Цивилизации - Фелипе Фернандес-Арместо
Шрифт:
Интервал:
Закладка:
В неизвестном году VII века эта система была заменена естественным правом царя. Теперь стали возможны длительные правления, стабильность и преемственность, и покойных царей стали хоронить в могилах под курганами. Первым таким царем, о котором сохранились лишь отрывочные свидетельства, стал Сонгцен Гампо, на чье правление с 627 по 650 годы приходится беспрецедентный рост силы Тибета.
Вопреки современному представлению о тибетцах как исключительно мирных людях и постоянных жертвах агрессии со стороны впервые они появляются в анналах истории в связи с войнами. Угроза, которую представляли армии Сонгцена Гампо, была столь велика, что Китай предпочел в 640 году откупиться от него невестой. В одной из пещер на шелковом пути в Китай сохранилось захоронение с документами, где приводится клятва верности, приносимая этому царю: «Я всегда буду исполнять любой приказ, данный мне царем»[722]. Однако на практике тибетский империализм, вероятно, имел форму сбора дани, а не прямого правления или строгого контроля[723].

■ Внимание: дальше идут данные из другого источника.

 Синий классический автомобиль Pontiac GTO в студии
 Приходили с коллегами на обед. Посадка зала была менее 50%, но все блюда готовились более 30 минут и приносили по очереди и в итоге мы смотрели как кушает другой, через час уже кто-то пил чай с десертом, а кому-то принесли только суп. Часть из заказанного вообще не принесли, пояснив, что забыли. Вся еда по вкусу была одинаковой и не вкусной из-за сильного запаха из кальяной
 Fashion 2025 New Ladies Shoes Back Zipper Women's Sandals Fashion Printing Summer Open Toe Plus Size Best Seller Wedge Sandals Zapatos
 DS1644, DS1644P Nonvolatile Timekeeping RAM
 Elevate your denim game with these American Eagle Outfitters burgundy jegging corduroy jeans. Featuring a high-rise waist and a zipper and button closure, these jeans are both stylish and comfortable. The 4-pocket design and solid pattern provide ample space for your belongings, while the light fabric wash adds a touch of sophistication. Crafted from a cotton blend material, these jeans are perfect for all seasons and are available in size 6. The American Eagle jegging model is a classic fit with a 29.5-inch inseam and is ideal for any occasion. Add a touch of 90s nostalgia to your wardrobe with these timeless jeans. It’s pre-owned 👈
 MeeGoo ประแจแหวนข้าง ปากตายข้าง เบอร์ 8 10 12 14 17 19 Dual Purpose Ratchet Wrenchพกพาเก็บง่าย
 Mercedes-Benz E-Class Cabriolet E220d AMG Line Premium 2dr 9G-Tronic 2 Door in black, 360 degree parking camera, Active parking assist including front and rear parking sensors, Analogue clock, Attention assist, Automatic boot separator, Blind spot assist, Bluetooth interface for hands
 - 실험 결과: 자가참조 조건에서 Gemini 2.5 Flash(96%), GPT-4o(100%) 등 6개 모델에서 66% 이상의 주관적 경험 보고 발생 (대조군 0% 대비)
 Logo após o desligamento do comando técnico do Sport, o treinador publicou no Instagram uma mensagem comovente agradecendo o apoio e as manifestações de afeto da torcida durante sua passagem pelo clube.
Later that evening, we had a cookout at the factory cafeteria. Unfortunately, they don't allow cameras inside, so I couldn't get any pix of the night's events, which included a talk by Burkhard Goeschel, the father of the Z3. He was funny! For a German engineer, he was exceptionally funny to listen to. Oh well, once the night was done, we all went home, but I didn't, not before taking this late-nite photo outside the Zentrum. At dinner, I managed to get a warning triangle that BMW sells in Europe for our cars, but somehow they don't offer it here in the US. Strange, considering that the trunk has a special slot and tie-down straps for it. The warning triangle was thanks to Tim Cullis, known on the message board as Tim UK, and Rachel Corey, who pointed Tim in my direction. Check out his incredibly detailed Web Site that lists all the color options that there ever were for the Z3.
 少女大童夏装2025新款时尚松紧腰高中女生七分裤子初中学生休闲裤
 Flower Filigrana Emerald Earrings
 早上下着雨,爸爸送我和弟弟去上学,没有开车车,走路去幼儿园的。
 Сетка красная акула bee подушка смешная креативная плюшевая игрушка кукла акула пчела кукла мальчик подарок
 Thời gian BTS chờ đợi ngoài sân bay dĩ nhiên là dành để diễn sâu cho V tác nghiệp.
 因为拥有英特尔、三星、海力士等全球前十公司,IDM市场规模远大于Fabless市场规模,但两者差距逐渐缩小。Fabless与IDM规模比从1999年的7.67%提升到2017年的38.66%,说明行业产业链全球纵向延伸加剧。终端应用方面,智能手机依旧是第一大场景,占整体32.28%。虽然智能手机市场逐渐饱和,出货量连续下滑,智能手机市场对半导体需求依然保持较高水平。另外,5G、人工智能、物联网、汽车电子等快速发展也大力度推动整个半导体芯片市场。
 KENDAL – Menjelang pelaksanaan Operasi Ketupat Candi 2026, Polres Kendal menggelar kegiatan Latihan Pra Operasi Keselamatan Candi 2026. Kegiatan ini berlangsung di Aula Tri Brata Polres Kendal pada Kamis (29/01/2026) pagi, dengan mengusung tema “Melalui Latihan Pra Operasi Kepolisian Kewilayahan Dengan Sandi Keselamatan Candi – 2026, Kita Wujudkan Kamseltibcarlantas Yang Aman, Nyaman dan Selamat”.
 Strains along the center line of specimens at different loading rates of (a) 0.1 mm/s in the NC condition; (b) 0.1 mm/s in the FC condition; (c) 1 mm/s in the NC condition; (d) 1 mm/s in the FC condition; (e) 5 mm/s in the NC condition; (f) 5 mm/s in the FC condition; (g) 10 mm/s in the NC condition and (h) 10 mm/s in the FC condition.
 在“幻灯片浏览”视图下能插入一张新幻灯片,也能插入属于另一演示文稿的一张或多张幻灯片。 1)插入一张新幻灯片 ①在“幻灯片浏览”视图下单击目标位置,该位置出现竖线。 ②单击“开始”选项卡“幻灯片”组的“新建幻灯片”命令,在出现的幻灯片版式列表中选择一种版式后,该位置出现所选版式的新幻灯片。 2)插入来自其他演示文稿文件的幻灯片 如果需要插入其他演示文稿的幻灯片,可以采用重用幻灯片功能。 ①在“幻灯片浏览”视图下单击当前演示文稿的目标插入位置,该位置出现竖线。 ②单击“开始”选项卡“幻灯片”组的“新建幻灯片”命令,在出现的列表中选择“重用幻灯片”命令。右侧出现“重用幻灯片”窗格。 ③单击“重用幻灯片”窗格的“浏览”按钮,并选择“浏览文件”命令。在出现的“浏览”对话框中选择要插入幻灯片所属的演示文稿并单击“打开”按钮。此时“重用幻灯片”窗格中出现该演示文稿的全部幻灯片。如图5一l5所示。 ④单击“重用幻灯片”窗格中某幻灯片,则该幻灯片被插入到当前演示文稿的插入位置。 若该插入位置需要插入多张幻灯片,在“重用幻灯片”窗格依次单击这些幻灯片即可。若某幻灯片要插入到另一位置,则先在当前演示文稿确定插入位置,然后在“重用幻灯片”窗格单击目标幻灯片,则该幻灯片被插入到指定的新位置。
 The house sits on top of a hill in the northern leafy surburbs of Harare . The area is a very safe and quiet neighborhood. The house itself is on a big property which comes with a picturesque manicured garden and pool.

После правления Сонгцена Гампо его преемники на протяжении двухсот пятидесяти лет продолжали агрессивную внешнюю политику. Тибетские армии захватили Непал и вторглись в Туркестан. На столбе Зол, воздвигнутом в Лхасе до 750 года, рассказывается о кампаниях в глубине Китая. На западном фронте Тибет вопреки желанию Китая сотрудничал в 751 году с арабами в завоевании Ферганы, за Тянь-Шанем, там, где «три великих экспансионистских государства средневековой Азии — арабы, Китай и Тибет — соприкасаются»[724]. Внешность некоторых царей отражена на портретах в главном храме Лхасы Джокан и в храме VIII века Юм-бу-бласганг. Цари кивают с фресок или величественно смотрят с резных изображений; но художники, делавшие эти портреты, скорее всего были буддистами, и герои их портретов, кажется, на полпути к нирване, далеко от военного лагеря, который в 821 году посетил китайский посол; он видел, как шаманы бьют в барабаны перед шатром, увешанным «золотыми украшениями в форме драконов, тигров и леопардов». Внутри, в тюрбане «цвета утренних облаков», царь наблюдал, как вожди собственной кровью подписывали договор с Китаем[725].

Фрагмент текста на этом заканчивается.